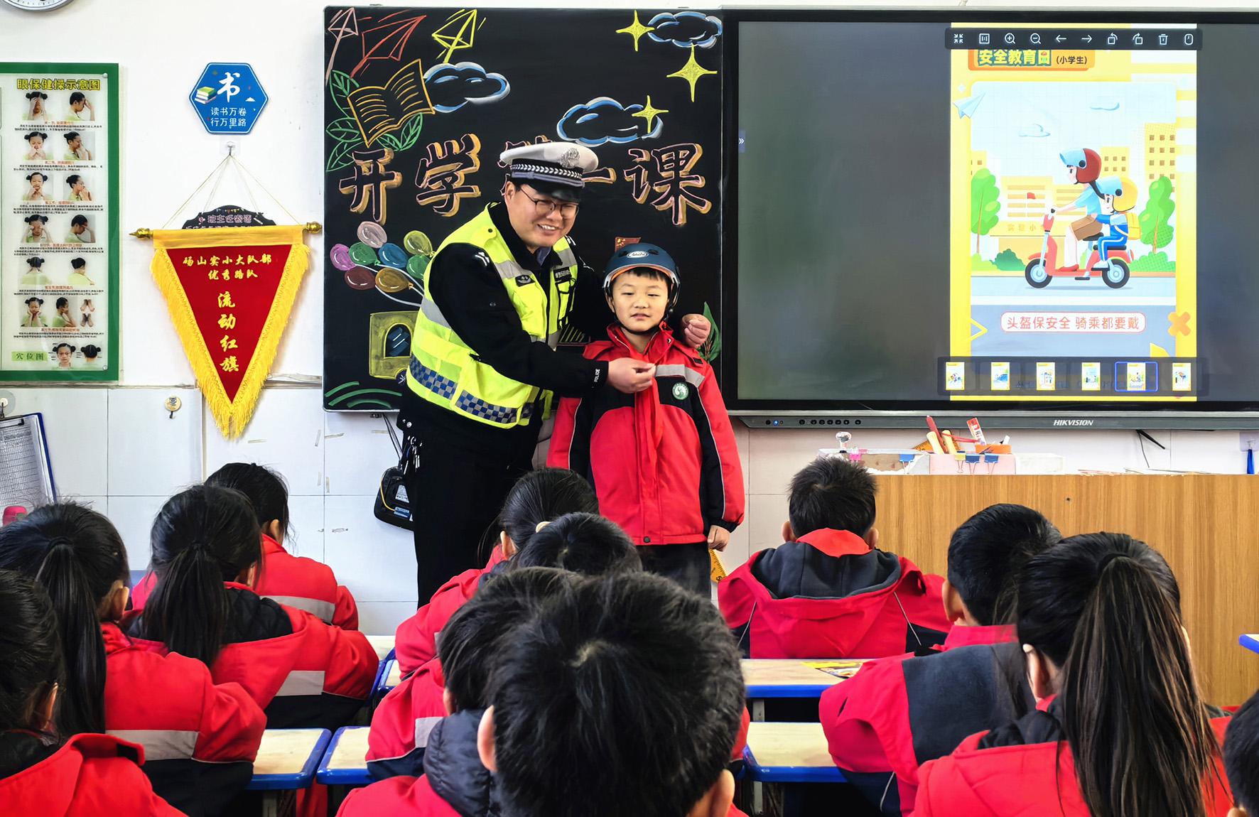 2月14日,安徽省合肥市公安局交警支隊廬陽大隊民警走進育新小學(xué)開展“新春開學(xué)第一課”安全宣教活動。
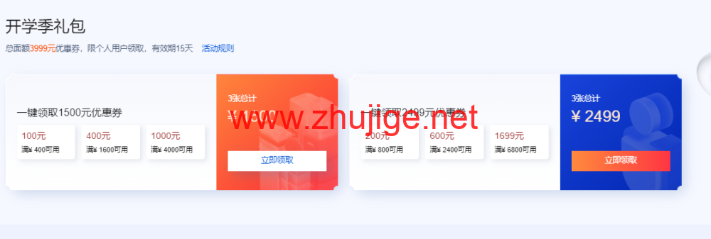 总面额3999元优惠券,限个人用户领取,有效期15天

***

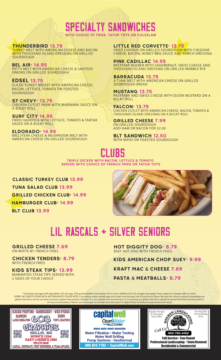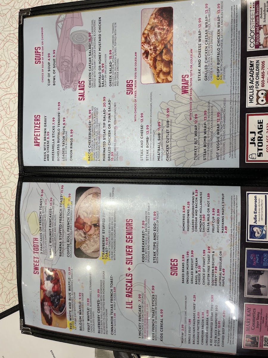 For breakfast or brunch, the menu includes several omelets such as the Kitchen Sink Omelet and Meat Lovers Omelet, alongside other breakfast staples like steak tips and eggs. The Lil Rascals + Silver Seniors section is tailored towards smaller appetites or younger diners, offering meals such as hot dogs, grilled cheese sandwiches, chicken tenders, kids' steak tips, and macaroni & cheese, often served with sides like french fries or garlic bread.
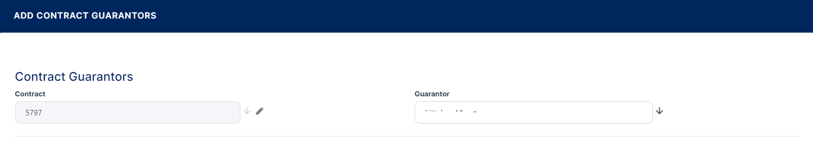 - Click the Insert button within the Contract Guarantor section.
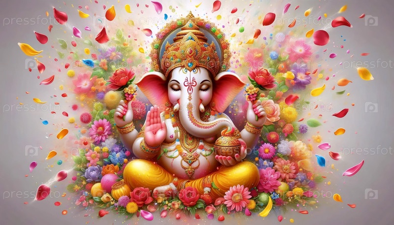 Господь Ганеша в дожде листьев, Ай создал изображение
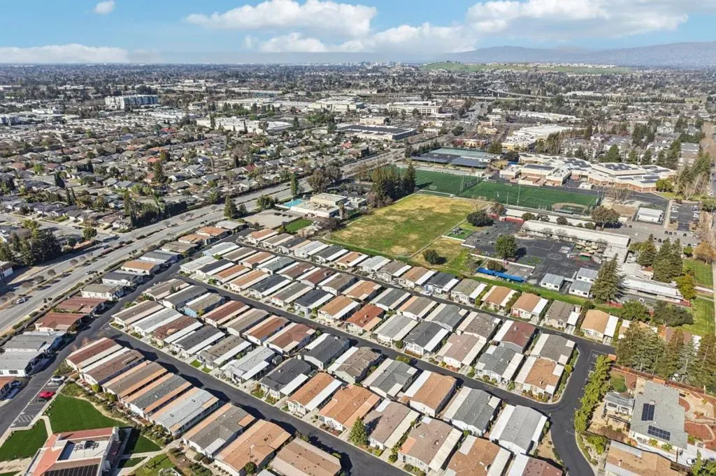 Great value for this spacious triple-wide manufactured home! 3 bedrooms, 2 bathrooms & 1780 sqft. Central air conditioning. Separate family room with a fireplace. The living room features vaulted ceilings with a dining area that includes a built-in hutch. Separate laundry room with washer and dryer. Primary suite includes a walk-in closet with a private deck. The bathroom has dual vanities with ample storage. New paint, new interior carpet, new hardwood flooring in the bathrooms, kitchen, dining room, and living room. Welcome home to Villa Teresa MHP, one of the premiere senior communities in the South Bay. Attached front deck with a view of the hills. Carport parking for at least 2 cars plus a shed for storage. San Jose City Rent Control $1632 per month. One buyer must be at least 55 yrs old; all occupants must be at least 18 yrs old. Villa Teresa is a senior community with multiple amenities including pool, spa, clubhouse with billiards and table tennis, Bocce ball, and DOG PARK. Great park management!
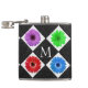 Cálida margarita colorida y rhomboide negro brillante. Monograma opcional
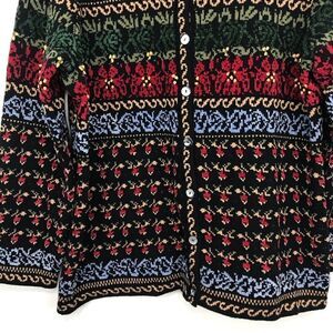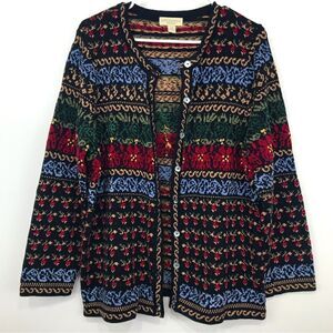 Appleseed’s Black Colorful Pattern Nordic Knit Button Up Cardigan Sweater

***

→ GOAL OF THE EXERCISE:
Set down exactly the lines above, from the line containing "Cálida margarita colorida" through the line containing "Appleseed’s Black Colorful". Skip the pictures.

→ ANSWER FOR THIS EXERCISE:
 Cálida margarita colorida y rhomboide negro brillante. Monograma opcional
 Appleseed’s Black Colorful Pattern Nordic Knit Button Up Cardigan Sweater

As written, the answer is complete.